SCHNEIDER: Well, we expect to see Barack Obama, who's now slightly the front runner in delegates. Suddenly, he's got a war going on with McCain over lobbying with the rules and who took money from whom. And he's also still got to fight Hillary Clinton. So he's fighting a two- front war.
FOREMAN: So what about Mike Huckabee? This is the remaining question. He can't win right now from all indications. I suppose if you hang around and something bad happens to McCain, he gets in there. But otherwise it's just a slow drip, drip. When is that faucet going to get turned off?
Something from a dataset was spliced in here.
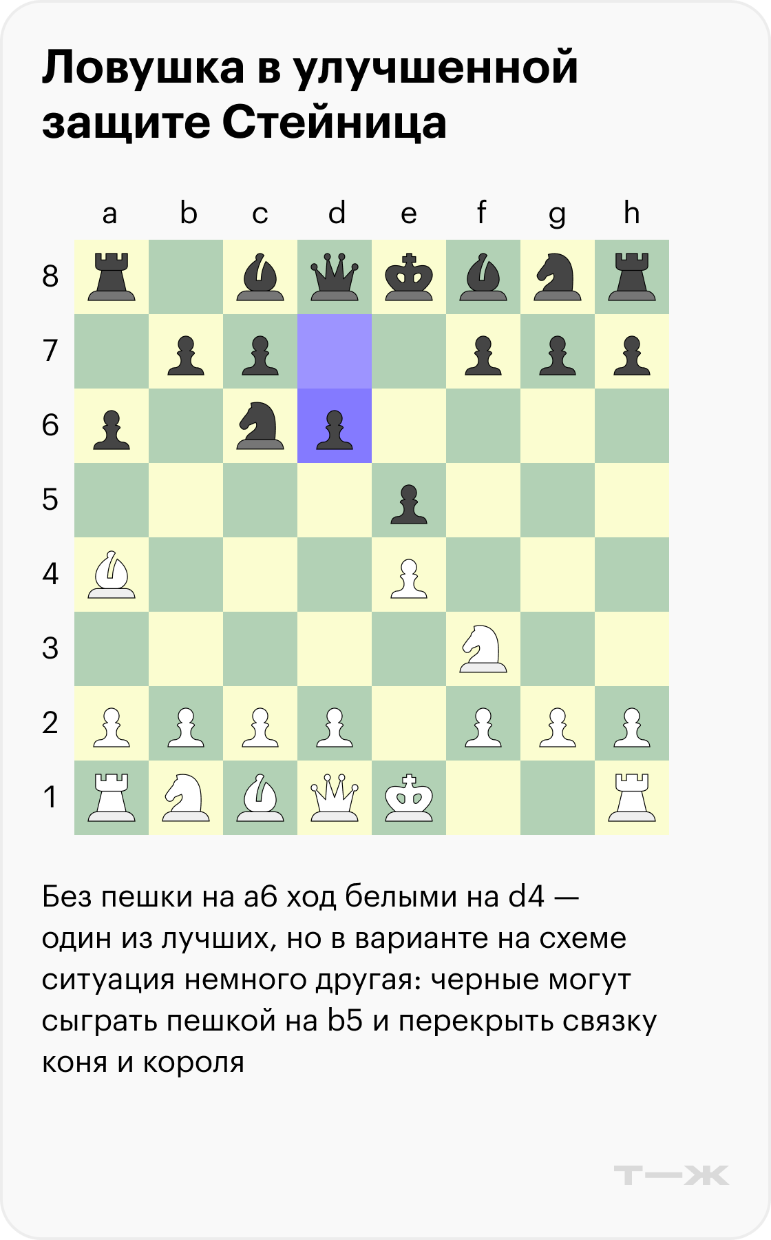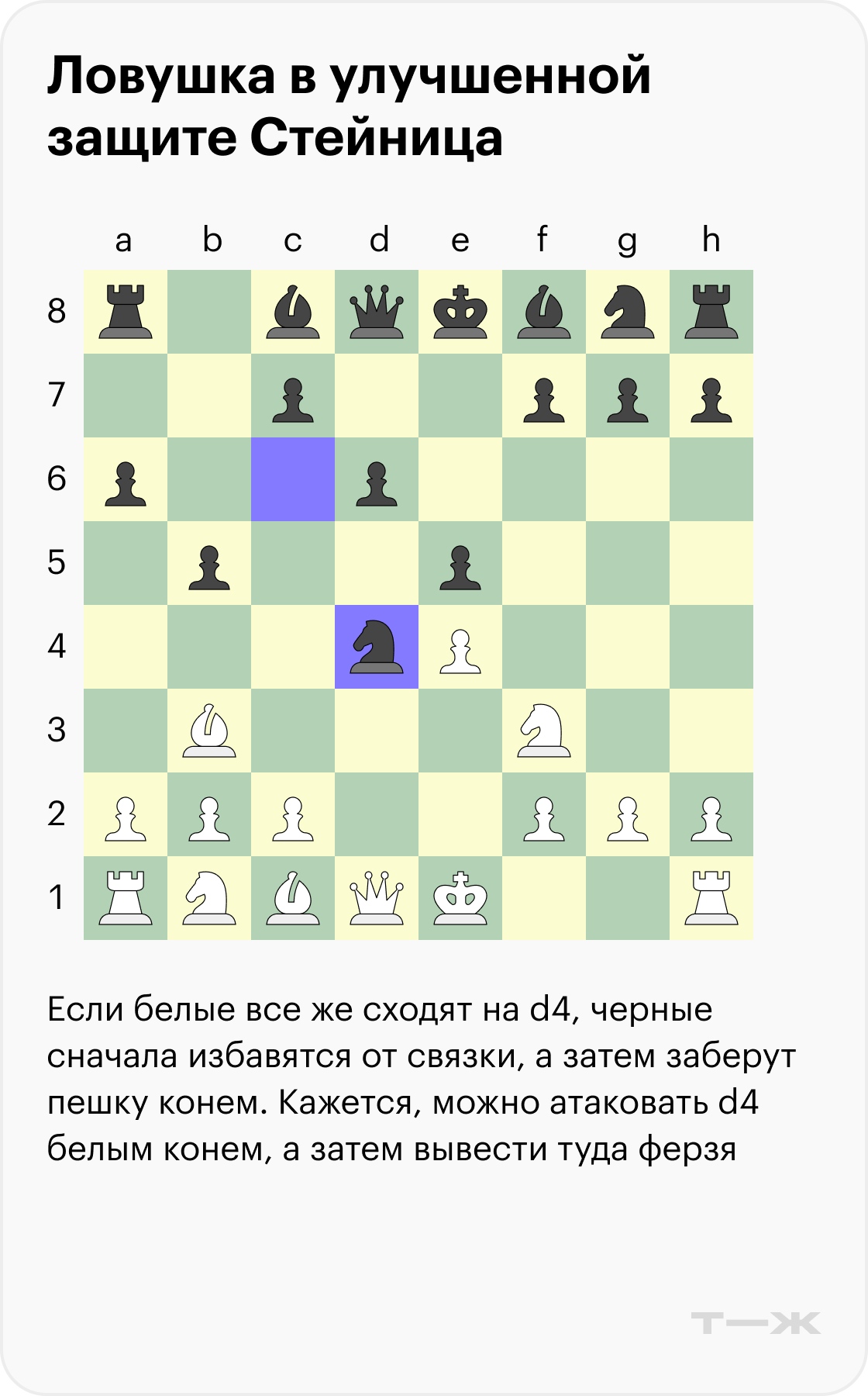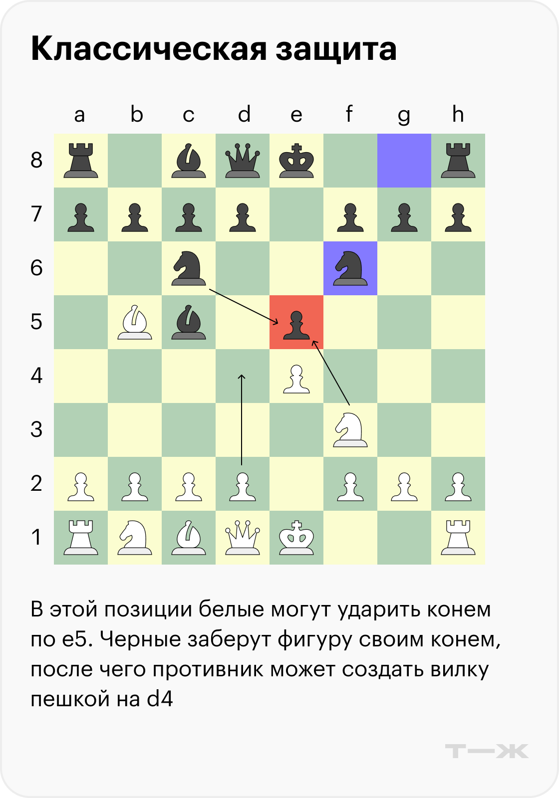 Черные ходят конем на d4 и оставляют пешку e5 под боем. Они рассчитывают, что противник по невнимательности атакует ее конем, а сами они заберут слона на b5. Волноваться белым не о чем — можно разменять коней на d4 и спокойно завершить развитие.

SCHNEIDER: Well, the rumors are Texas will be the last stand. That's the Alamo scenario. He'll make his last stand in Texas. And if McCain gets the majority of the delegates by then, Huckabee will have to throw in the towel. He says he'll get out when McCain has the majority. And not until then... FOREMAN: The secret is in the timing. Just like it is with comedy. And we check in now on the late night laughs this week to see how the politicians fared.
(BEGIN VIDEO CLIP)
CONAN O'BRYAN: After John McCain swept yesterday's primaries, he purposely stole a line Barack Obama's been using. I'm fired up and ready to go.
Yes, when Obama heard this, he stole a line McCain's been using. I'm old and not sure where I am.
JON STEWART: So one needs a miracle. The fire wall. Mike Huckabee basically very close to McCain. He's Jesus and Hillary Clinton blown out three times in a row. All she needs is an IT guy.
JAY LENO: I guess Bill bought Hillary a dozen roses for Valentines Day. And it turns out seven of the roses were committed to Michelle Obama. Yes.